• Task goal: Could you write out the listing below exactly as it stands, leaving out the pictures?

**** Data ****

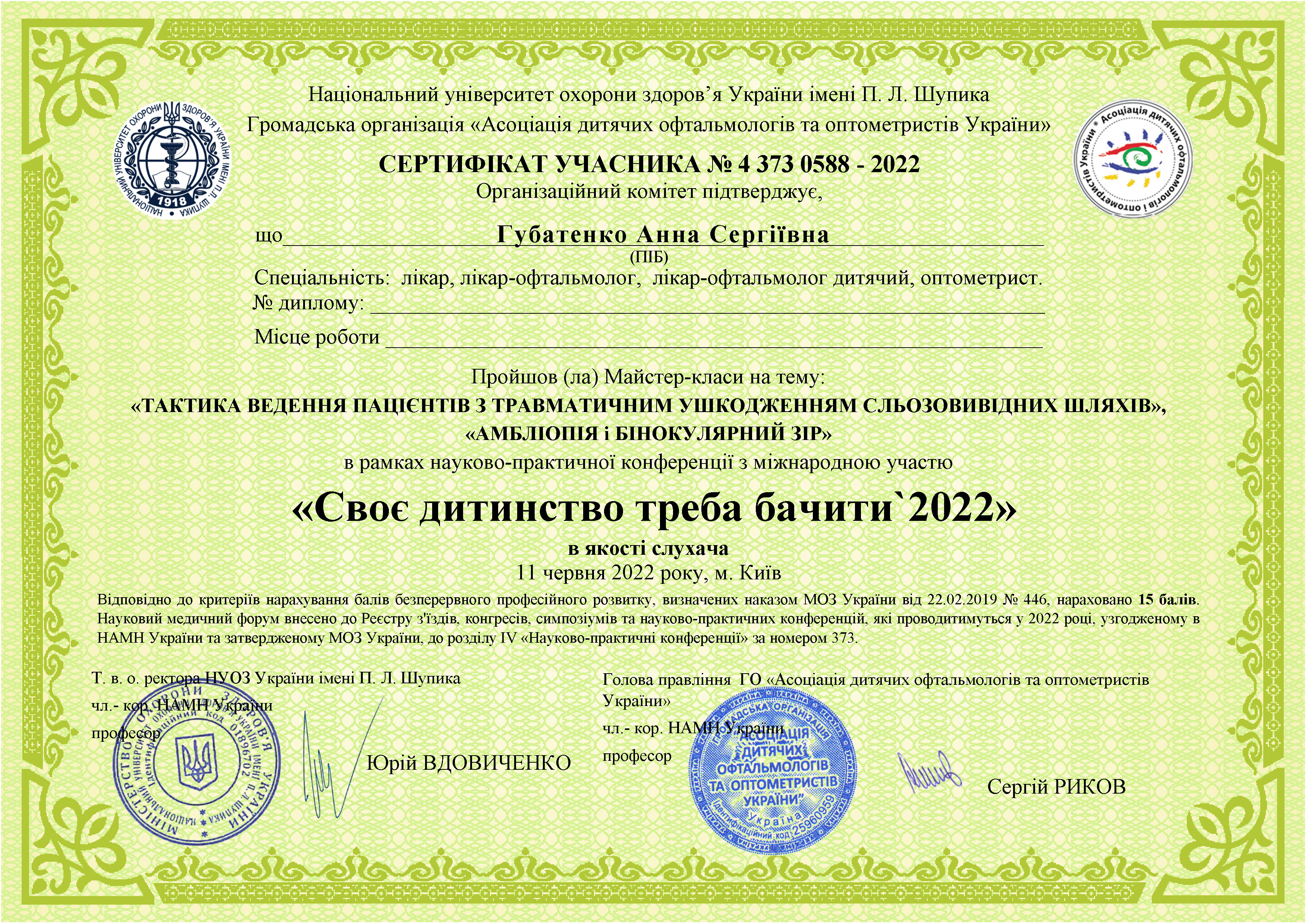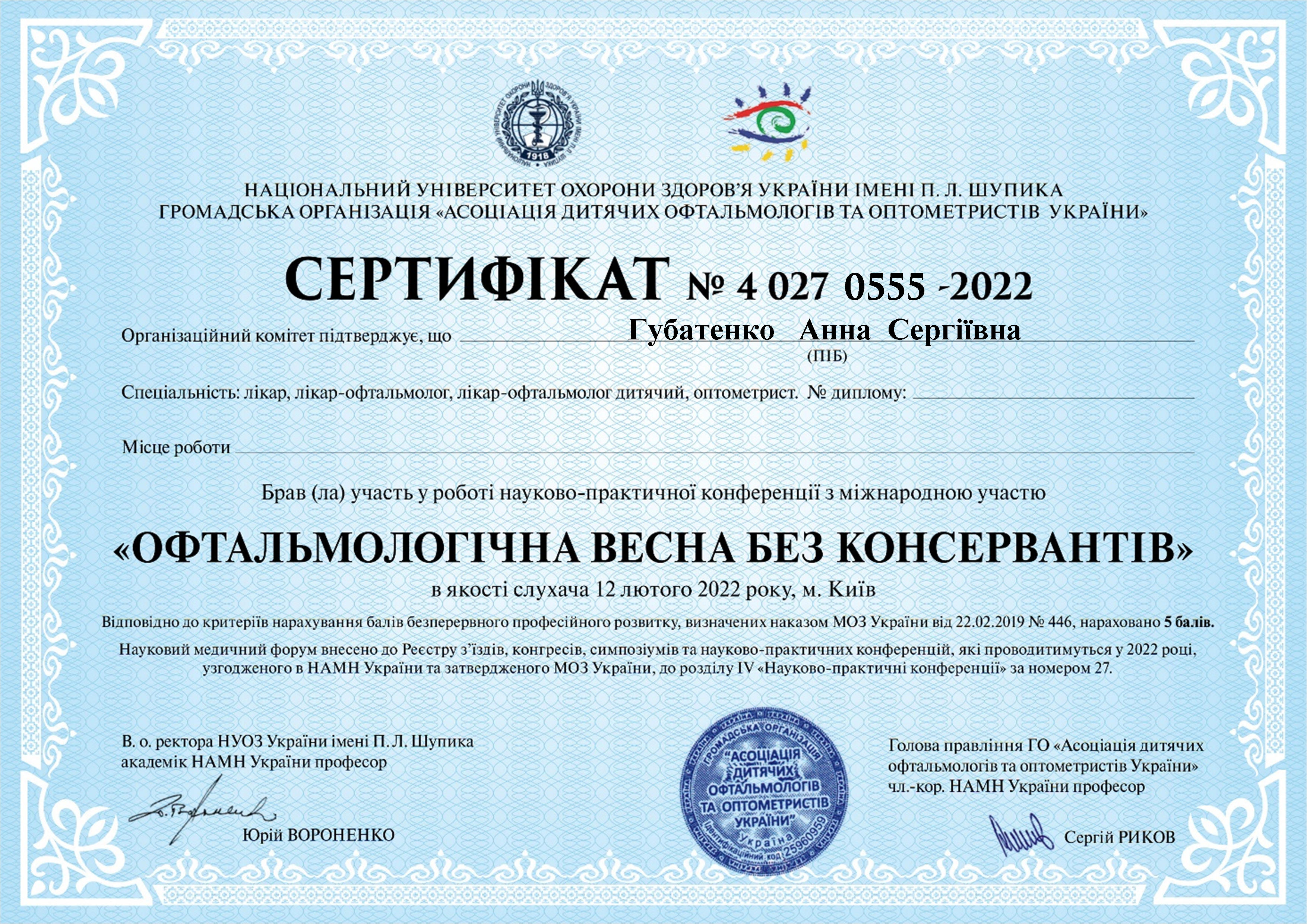 Блискуче орієнтується не тільки в очних захворюваннях, а й у суміжних спеціальностях.
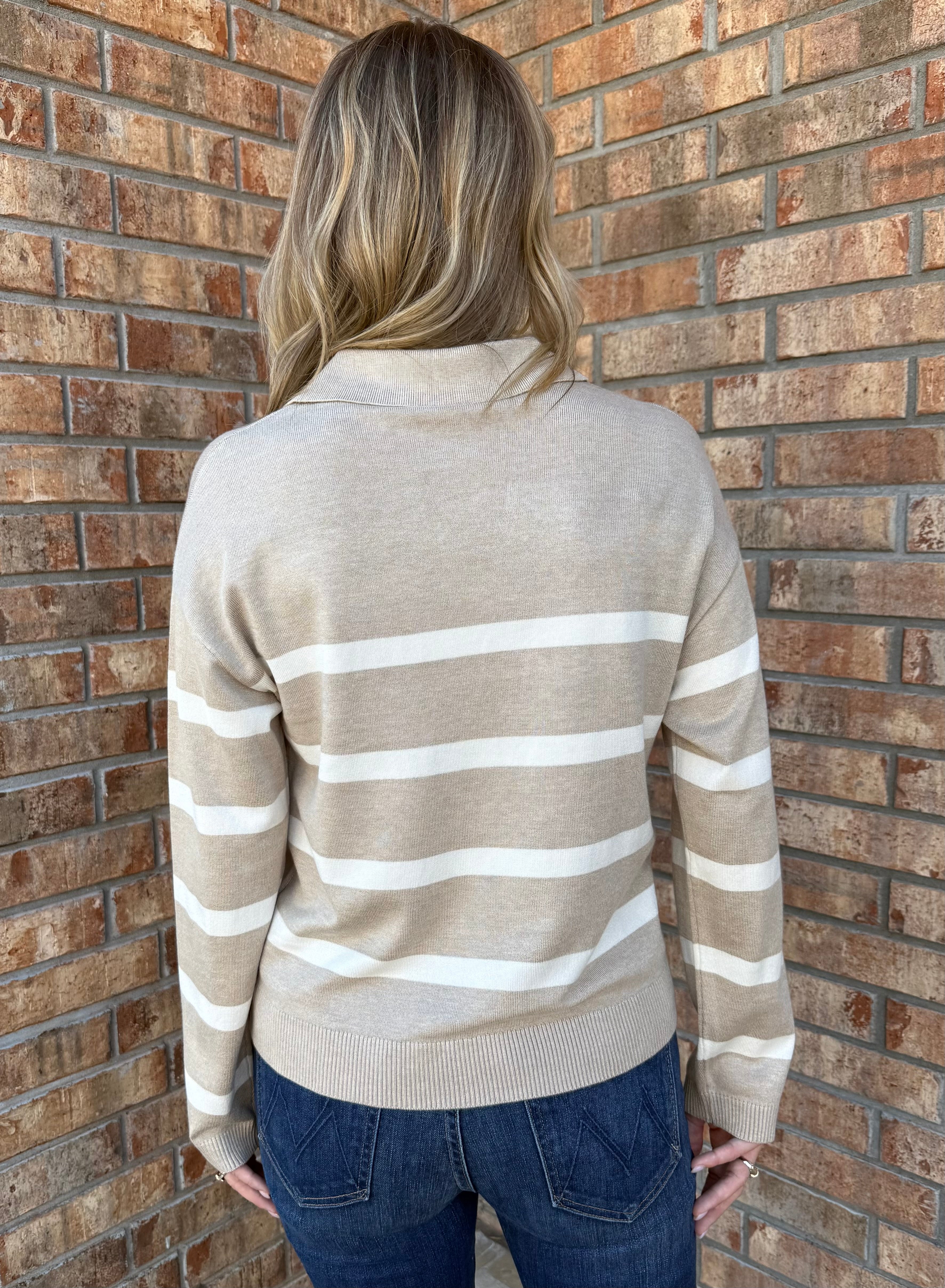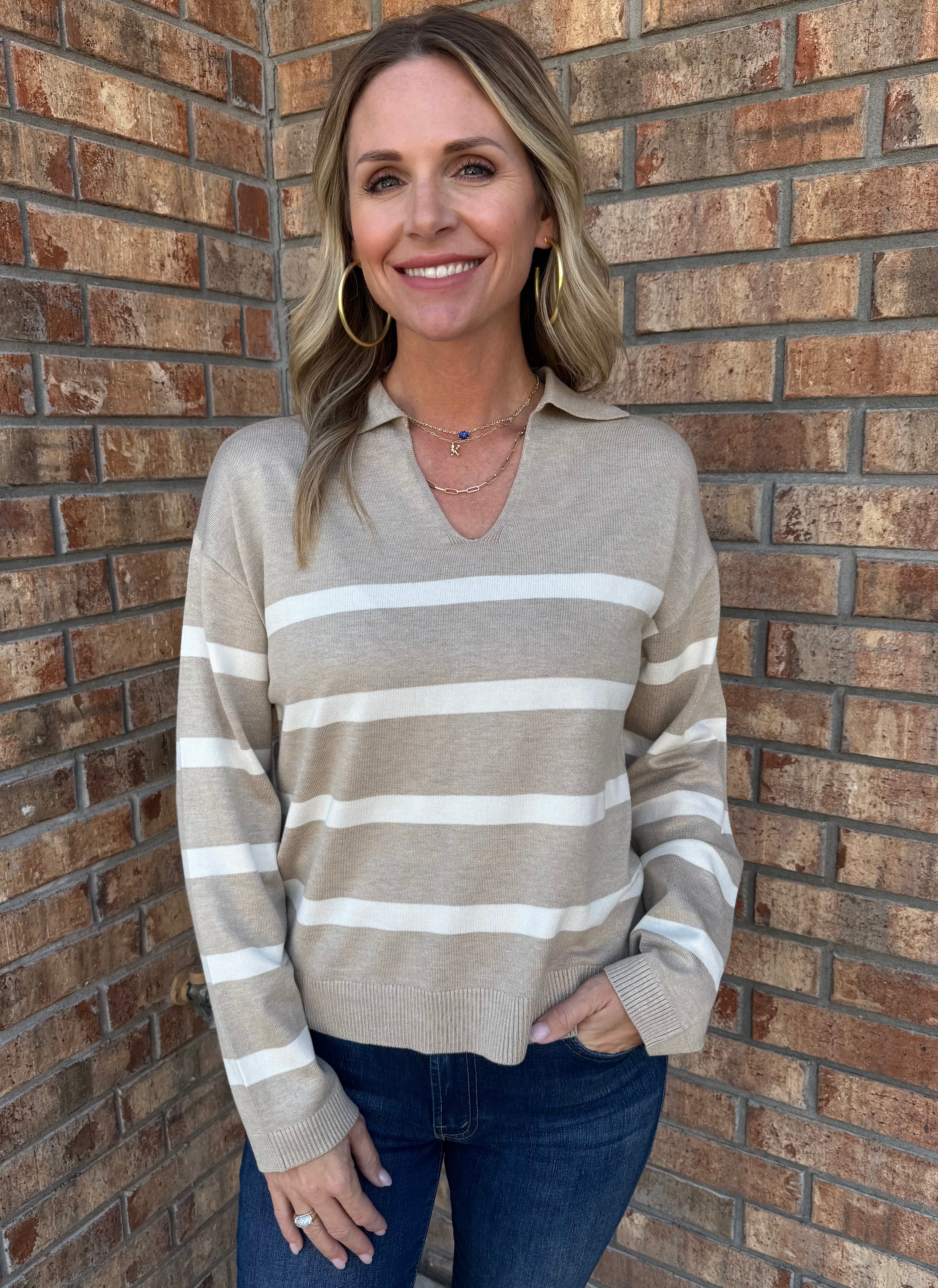 Crafted in a soft, lightweight knit, this sweater features wide horizontal stripes in a neutral beige and ivory palette, making it versatile for year-round wear. The relaxed silhouette is elevated by a polished open polo collar with a V-neckline, striking the perfect balance between casual ease and refined style. Long sleeves with ribbed cuffs and hemline give it a cozy finish, while the drop-shoulder design adds to its laid-back appeal. Perfect for pairing with denim, shorts, tailored trousers, or layered under a blazer, this sweater is an effortless wardrobe staple that transitions seamlessly from work to weekend.
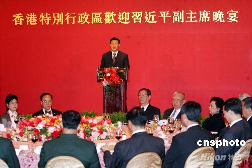 七月七日晚,中國國家副主席習近平出席香港特區(qū)政府歡迎晚宴,并發(fā)表講話。中新社發(fā) 武仲林 攝

****

• Answer section:
 Блискуче орієнтується не тільки в очних захворюваннях, а й у суміжних спеціальностях.
 Crafted in a soft, lightweight knit, this sweater features wide horizontal stripes in a neutral beige and ivory palette, making it versatile for year-round wear. The relaxed silhouette is elevated by a polished open polo collar with a V-neckline, striking the perfect balance between casual ease and refined style. Long sleeves with ribbed cuffs and hemline give it a cozy finish, while the drop-shoulder design adds to its laid-back appeal. Perfect for pairing with denim, shorts, tailored trousers, or layered under a blazer, this sweater is an effortless wardrobe staple that transitions seamlessly from work to weekend.
 七月七日晚,中國國家副主席習近平出席香港特區(qū)政府歡迎晚宴,并發(fā)表講話。中新社發(fā) 武仲林 攝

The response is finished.